Likewise, U. S. Secretary of State Hillary Clinton, is on record as calling former U. K. Prime Minister Margaret Thatcher “one sexy bitch” and “someone I'd definitely put at the top of my sexual bucket list, as someone to do before I die.”
Instead of granting Assange safe passage out of the U. K., as happens in the movies, the Brits have vowed to extradite Assange to Sweden, where he is wanted on sex crimes charges that are totally trumped up, according to my favorite liberal blogger as well as the website of record, ac991c87.assangeisinnocent.se.
Assange, 41, is being held prisoner, in effect, by the army of police officers guarding Ecuador's embassy, which, under the same international law that the host nation has already violated in refusing to permit Assange's transportation to his country of asylum, illegally detains.

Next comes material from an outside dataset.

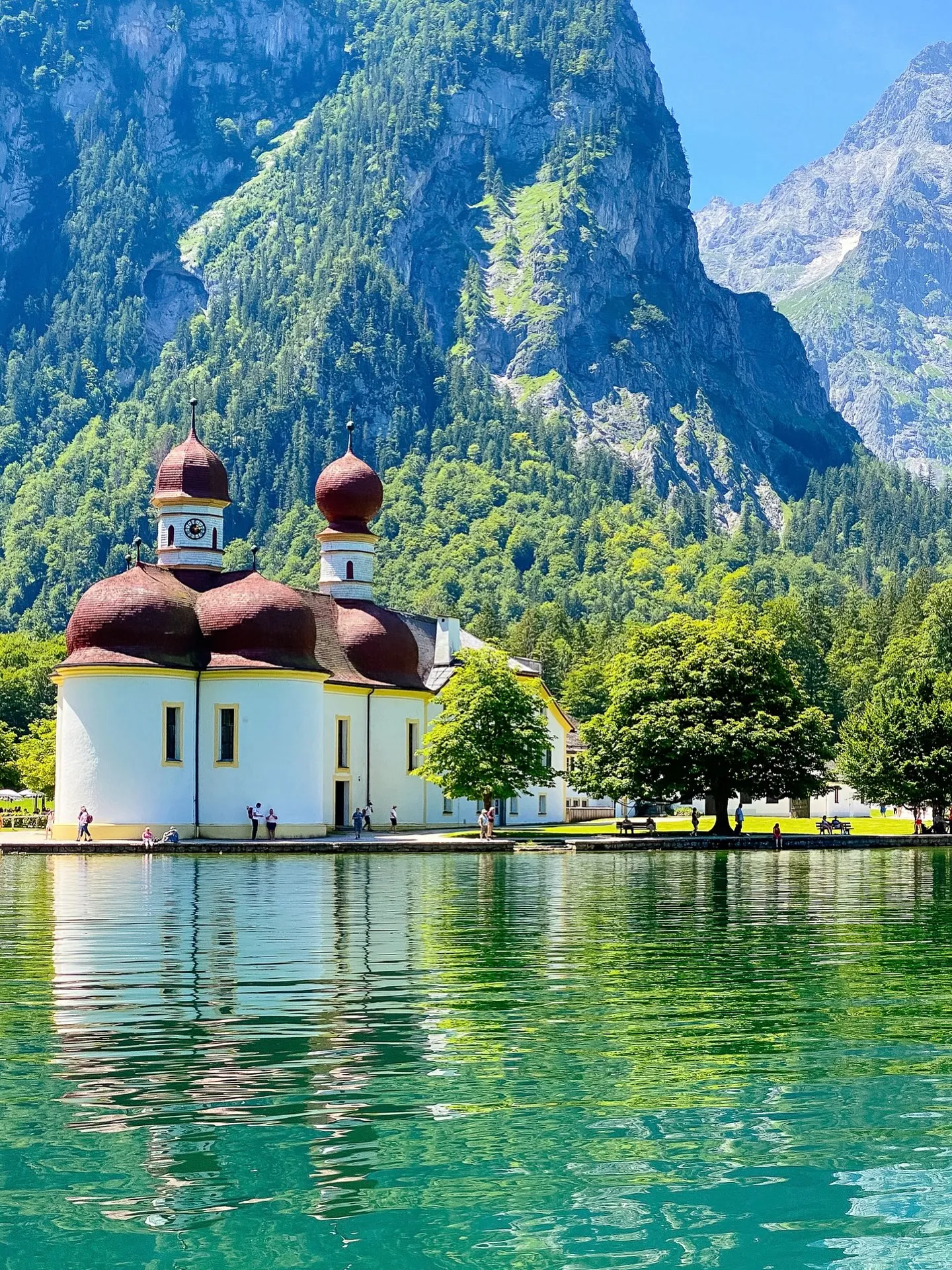 This spot is one of the most photographed scenes in Germany—and for good reason. The combination of the whitewashed church, wooden bridge, and dramatic mountains creates an unforgettable view.
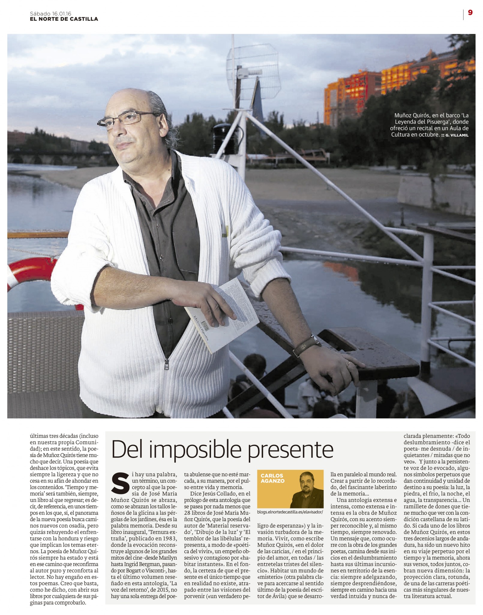 José María Muñoz Quirós, catedrático de Lengua y Literatura en un instituto de su ciudad natal, es Licenciado en Filología Hispánica por la Universidad de Salamanca y Doctor por la Universidad de Valladolid. También es Presidente de la Academia de Artes y Letras de Ávila, Presidente de la Academia de “Juglares de Fontiveros” de poesía y Miembro de la Academia de Poesía de Castilla y León. Director de la revista de artes y letras “El Cobaya”. Es tiempo de hacer memoria y de de ir reconociendo la valiosa obra poética de este autor, además de su extrema generosidad para con los demás poetas a la hora de coordinar encuentros y múltiples publicaciones. Por ello, además de los siete poemas seleccionados de su obra reunida recientemente editada por Vitrubio (que recomendamos leer y atesorar), hemos querido recordar parte de su producción poética y ensayística, así como algunas valoraciones críticas sobre su obra. Hay más, mucho más, como las tesis y ensayos sobre su poesía, las numerosas antologías donde la misma ha sido acogida, etcétera…

Ecuadorian Foreign Minister Ricardo Patino contends that the U. K. has, in effect, “kidnapped Mr. Assange, a citizen of our great nation.”
The peppery South American country's leader, President Rafael Correa, said that the Brits are trying to intimidate him and his countrymen, adding, “No one is going to scare us,” and has instituted sanctions against the “criminal country,” cutting off exports of bananas and shrimp.
If the U. K. persists in violating Ecuador's rights by falsely imprisoning its newest citizen, Correa has vowed to add “stronger sanctions,” including the prohibition of exports of marijuana, cocaine, and heroin. “That should have an impact on them,” he predicted.
The U. S. claims to have no interest in the matter, although Secretary Clinton has been shuttling back and forth between No. 10 Downing Street and the Ecuadorian embassy, hat in hand.